Molecular computing
is an emerging field to which chemistry, biophysics, molecular biology,
electronic engineering, solid state physics and computer science contribute to
a large extent. It involves the encoding, manipulation and retrieval of
information at a macromolecular level in contrast to the current techniques,
which accomplish the above functions via 1C miniaturization of bulk devices.
The biological systems have unique abilities such as pattern recognition,
learning, self-assembly and self-reproduction as well as high speed and
parallel information processing. The aim of this article is to exploit these
characteristics to build computing systems, which have many advantages over
their inorganic counterparts.
DNA computing began
in 1994 when Leonard Adleman proved that DNA computing was possible by finding
a solution to a real- problem, a Hamiltonian Path Problem, known to us as the
Traveling Salesman Problem, with a molecular computer. In theoretical terms, some
scientists say the actual beginnings of DNA computation should be attributed to
Charles Bennett's work.
Adleman, now
considered the father of DNA computing, is a professor at the University of
Southern California and spawned the field with his paper, "Molecular
Computation of Solutions of Combinatorial Problems." Since then, Adleman
has demonstrated how the massive parallelism of a trillion DNA strands can
simultaneously attack different aspects of a computation to crack even the
toughest combinatorial problems.
Biomolecular
computers have the real potential for solving problems of high computational
complexities and therefore, many problems are still associated with this field.

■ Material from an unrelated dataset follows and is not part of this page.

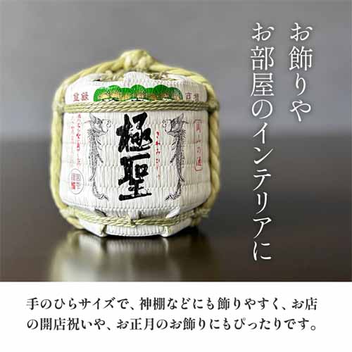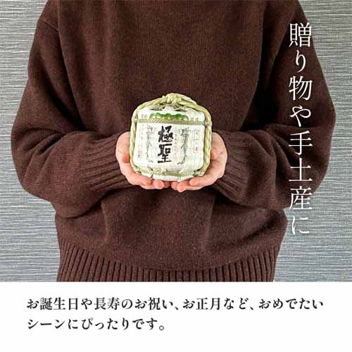 岡山県産雄町米を使用した純米酒を300mlサイズで楽しめる仕様。伝統的な酒樽デザインをコンパクトに再現しており、インテリアとしても楽しめます。飲み終わった後も飾れる記念性の高さが特徴です。

The difficulty of devising an interface is therefore the sensitive dependence
on a biological environment, susceptibility to degradation, senescence and
infection, etc. Nevertheless, it offers the best approach to human cognitive
equivalence. But like any radically new technology, there is a daunting
learning and manufacturing curve that must first be overcome before these
molecular devices can find a practical use in everyday life. They are still
five to ten years away from becoming a commercial reality.